Deceased liquidator’s estate in sights of KPMG duo

The late
Murray Godfrey.
liquidator's
Ex-liquidator
David Iannuzzi.

It’s almost three years since Federal Court judge Angus Stewart made orders cancelling the liquidator’s registration of David Nicholas Iannuzzi.

Since that time the liquidators charged with undertaking the work that Iannuzzi didn’t have been investigating, gathering evidence, settling claims where they could and commencing proceedings where they couldn’t.

Those claims now on foot, which involve actions in respect of either voidable transactions or professional negligence, are about two thirds of the way to hearing in the NSW Supreme Court, or at least they were.

Late last month an interlocutory application was filed in the Federal Court of Australia (FCA) by John Tabuso, Mirjana Tabuso and Maurizio Ligori, three of the defendants in the Supreme Court actions commenced in 2021 by KPMG duo Stephen Vaughan and Gayle Dickerson.

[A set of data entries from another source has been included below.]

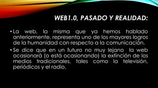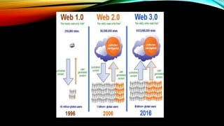 La Web 1.0 permitía solo lectura de contenido estático, mientras que la Web 2.0 permitió interacción e intercambio de contenido entre usuarios a través de sitios como Wikipedia, YouTube y Google. La Web 3.0 se centra en la inteligencia artificial y la web semántica. La Web 4.0 integrará la comprensión del lenguaje natural, comunicación máquina a máquina y el contexto del usuario.
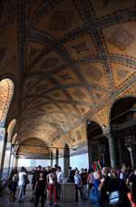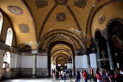 A sloping ramp brings visitors to the upper gallery, where great views of the mosque can be found. This is also the place to admire the intricate and colourful mosaics in close proximity.
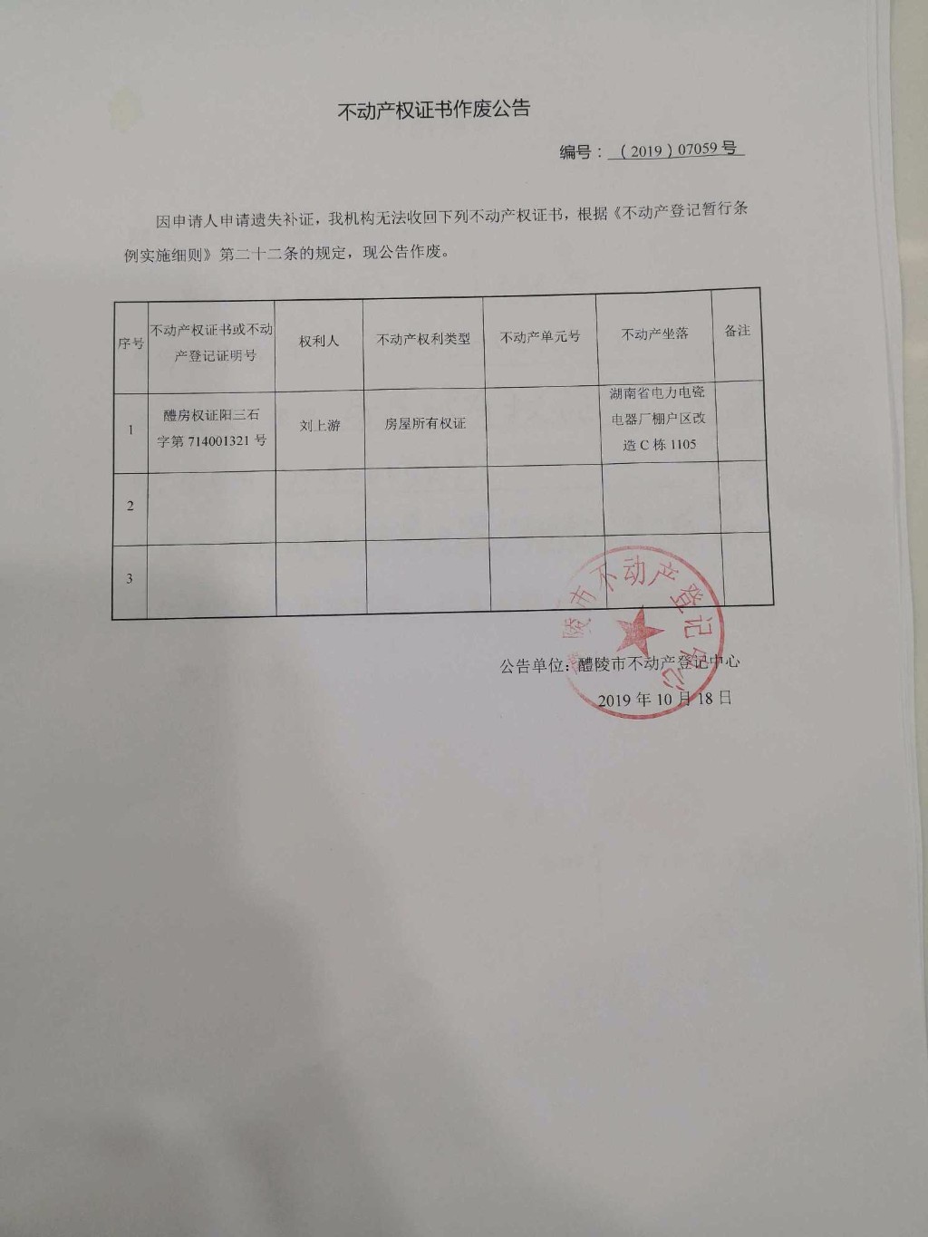 不动产权证书作废公告(刘上游)
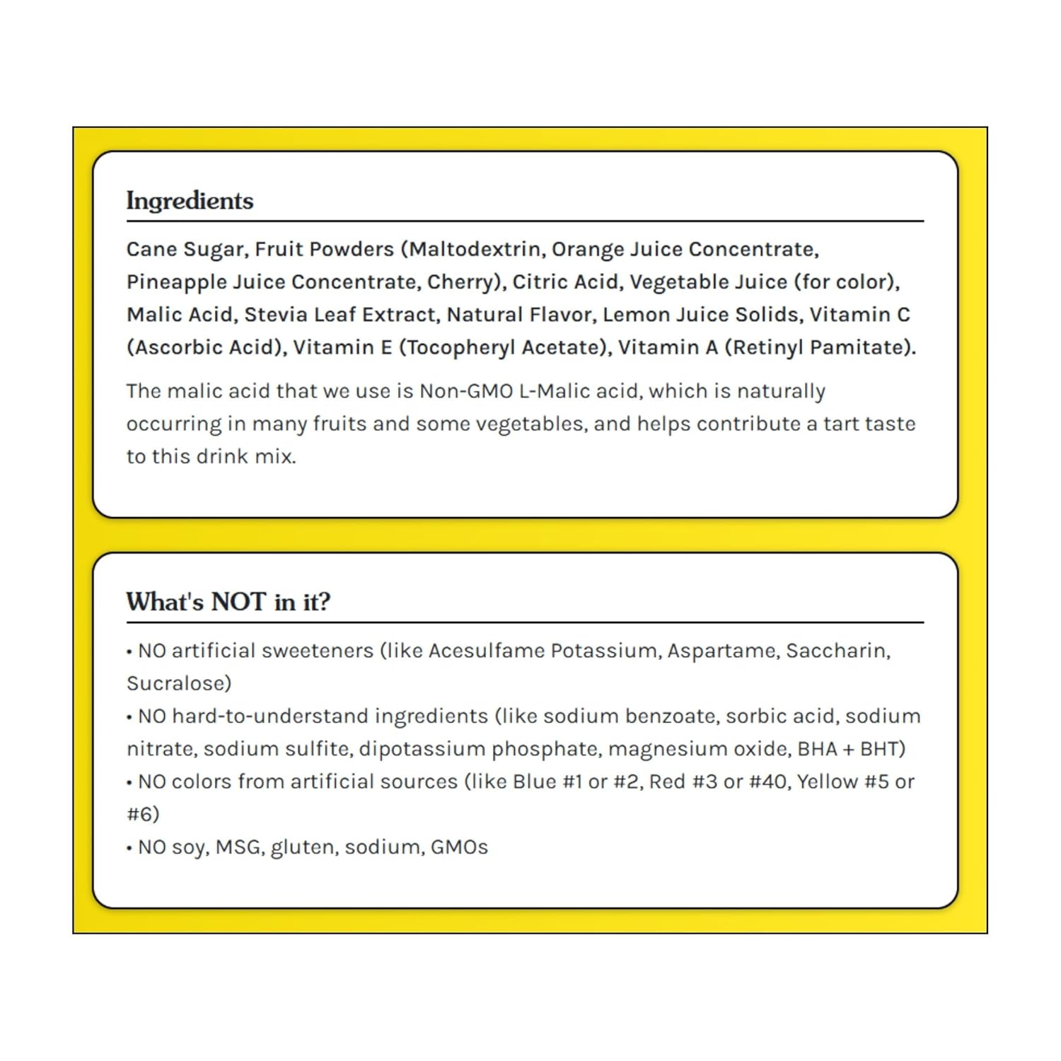 - Non-GMO, no artificial sweeteners, flavors, or preservatives

As previously reported by iNO, when the Commissioner of Taxation (CoT) went after Iannuzzi seeking to expunge him from the roll of registered liquidators he also sought orders for the reinstatement of a host of corporate entities wound up and de-registered years earlier by Iannuzzi and his mentor Murray Godfrey who died in 2015.

Those orders were granted on September 2, 2019 and because of the time that had elapsed between the deregistrations and the CoT’s application for reinstatement and the appointment of Vaughan and Dickerson, Justice Stewart used certain powers, which he referred to in orders 3 and 4.

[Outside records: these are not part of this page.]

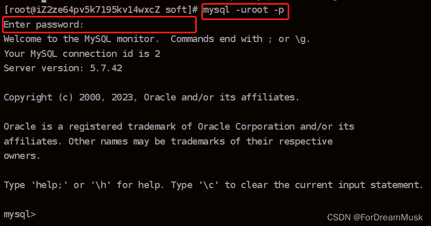 ④登录 MySQL:
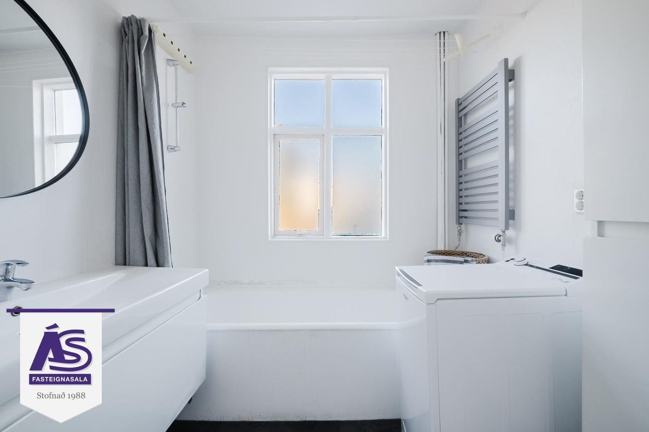 Baðherbergi með opnanlegum glugga, baðkar og vaskinnrétting. Þvottaaðstaða er á baðinu.
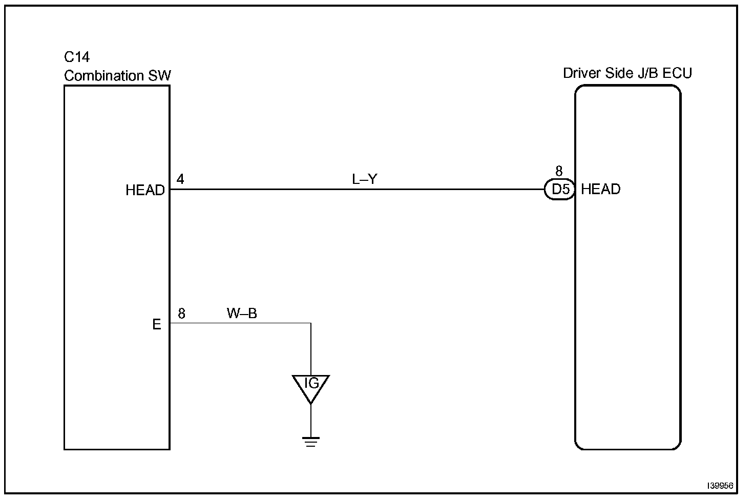 The driver side J/B ECU receives the HEAD position signal of light control switch to operate the HEAD relay. The HEAD position signal is also transmitted to the driver side J/B ECU by the multiplex network communication system and the back-up communication bus.
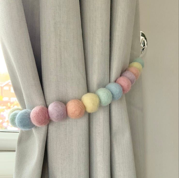 Pastel Rainbow felt ball curtain tie backs
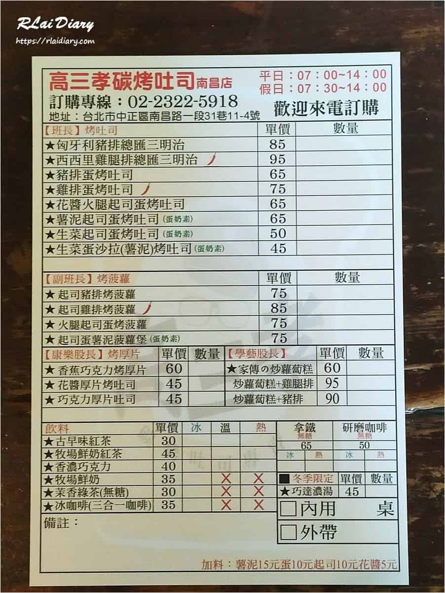 2020/05/03台北美食【台北 ※ 食】中正區|高三孝碳烤吐司 南昌總店懷舊教室風格早餐店,主打碳烤吐司與特色菠蘿堡,高大牧場鮮奶 分享這篇文章 地址:台北市中正區南昌路一段31巷11-4號捷運:中正紀念堂站2號出口,步行約2分鐘即可抵達電話:02-2322-5918聯結:高三孝碳烤吐司-南昌總店臉書營業時間:週一至週五 07:00 – 14:00 星期六、日 07:30 – 14:00 高三孝碳烤吐司主打以課桌椅、黑板組成的用餐環境讓人彷彿回到學生時代教室的感受加上近幾年碳烤吐司愈來愈流行下打開了知名度 店外的招牌稍微被植栽擋住一些看起來並不明顯 南昌總店的空間不大店內與店外的桌椅都是以課桌椅組成 牆上的黑板簡單的介紹了主打的餐點以及強調店內使用的食材來源及特色 追蹤我的 Instagram 追蹤我的 臉書粉絲團 高三孝碳烤吐司 菜單 餐點種類不算多最主要的是【班長】系列的烤吐司以及【副班長】系列的烤菠蘿 起司豬排烤菠蘿 │ 75 元 用菠蘿堡取代傳統的漢堡烤過的菠蘿口感外酥內軟又帶有一點甜味搭配起司與豬排內餡鹹鹹甜甜的組合相當不錯意外的好吃 !!! 店內有提供免洗塑膠手套可以輕鬆享用餐點不用擔心沾手 西西里雞腿排總匯三明治 │ 95 元 招牌的碳烤吐司吐司在碳烤後有獨特的香味不會太乾,內層還保有軟度厚厚的雞腿排肉嫩多汁加入生菜和煎蛋以及薯泥沙拉後口感更豐富 家傳炒蘿蔔糕 │ 60 元 蘿蔔糕加上炒蛋再簡單的調味起鍋前加入蔥末再依個人喜好加上油膏簡單美味 古早味紅茶 & 牧場鮮奶紅茶 │ 30 元 & 45 元 飲品部分店家強調選材用心古早味紅茶是選用林茂森茶行的茶葉喝起來很有茶香 牧場鮮奶紅茶更是使用了被譽為鮮奶界的精品LV的高大鮮乳喝來也很香醇 平均花費與心得 此次平均花費金額:NT 153 元 / 人懷舊情懷的主題加上原料的挑選用心食材表現都還不錯但餐點訂價上感覺偏高讓整體感覺 CP 值不高如果食量較大的人吃起來可能挺傷荷包的 … 【台北 – 食】高三孝碳烤吐司 – 南昌總店地址:台北市中正區南昌路一段31巷11-4號捷運:中正紀念堂站2號出口,步行約2分鐘即可抵達電話:02-2322-5918聯結:高三孝碳烤吐司-南昌總店臉書營業時間:週一至週五 07:00 – 14:00 星期六、日 07:30 – 14:00 分享這篇文章 運彩出金 戰神賽特 咖啡豆挑選 冰萃秘訣 企業禮盒 球隊戰力觀察 標籤# 中正紀念堂# 碳烤吐司# 菠蘿堡# 高三孝# 高大牧場 上一 文章 【台北 ※ 食】萬華區|Tulip TimeOut 西門店 下一 文章 【台北 ※ 食】萬華區|咪咪紫菜捲 KOREA GIMBAP
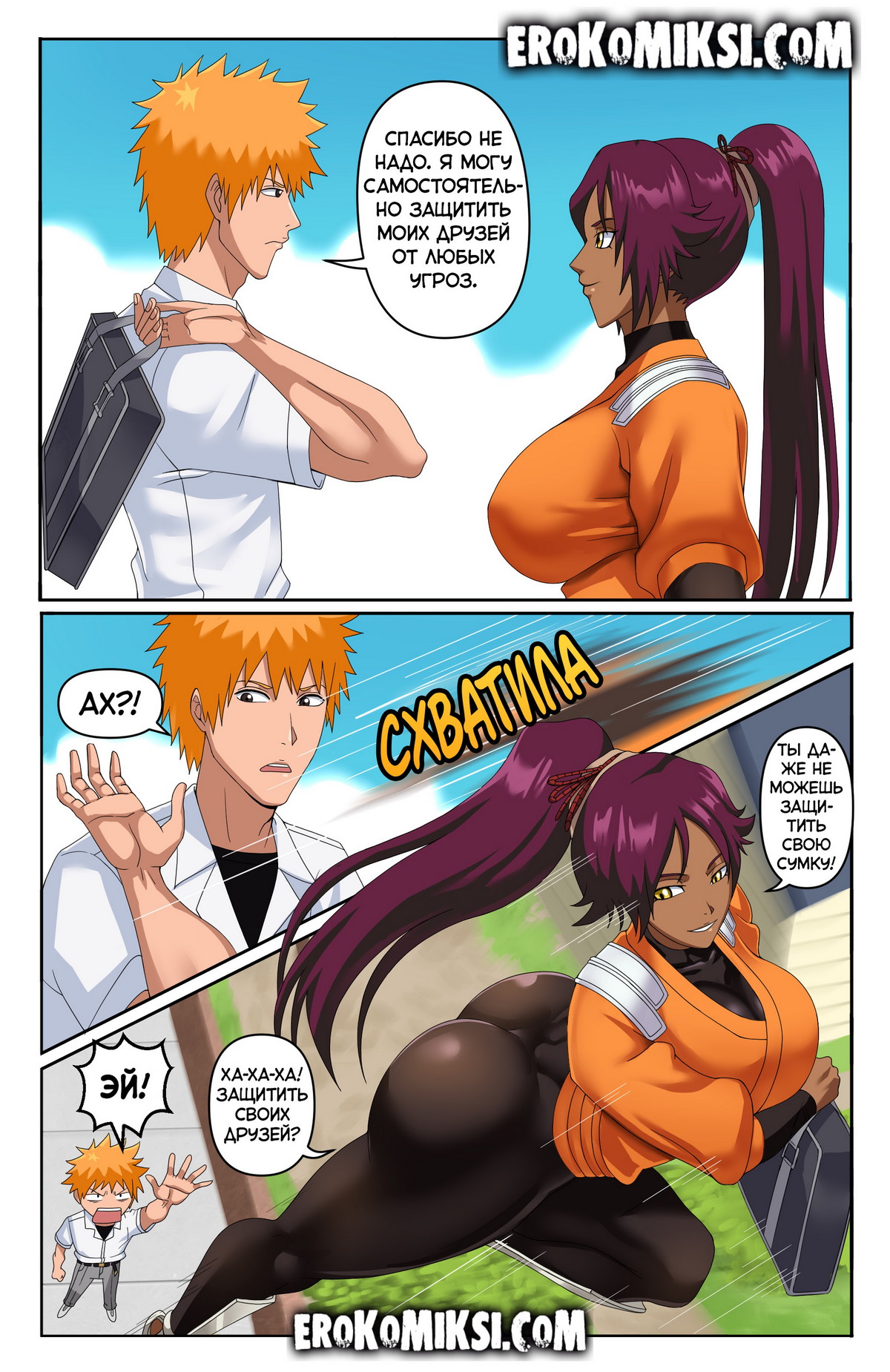 Порно комикс Блич. Йоруичи. Йоруичи поручили усилить Ичиго, чтобы Юноша смог стать ещё сильнее. Но он не хотел ни в какую с ней связываться и тогда девушка решила использовать другой подход…

“3. Pursuant to section 601AH(3)(d) of the Act, when calculating the period ending three years after the relation-back day for any of the Companies, the period between the date of the deregistration of the relevant company and the date of these orders shall be disregarded.

“4. Pursuant to section 601AH(3)(d) of the Act, if proceedings are commenced by Ms Dickerson and Mr Vaughan as the joint and several liquidators of any of the Companies in reliance upon Order 3, Ms Dickerson and Mr Vaughan must cause a copy of these Orders to be served upon the defendant with the initiating process by which the proceedings are commenced and the defendant shall thereafter be at liberty to apply to this Court to vary or discharge Order 3 in relation to itself,” Justice Stewart said.

For reasons known best to themselves, John and Mirjana Tabuso and Maurizio Ligori waited three years to utilise the liberty afforded them by Justice Stewart in order four before attempting to extract themselves from unfair preference proceedings Vaughan and Dickerson have commenced against them.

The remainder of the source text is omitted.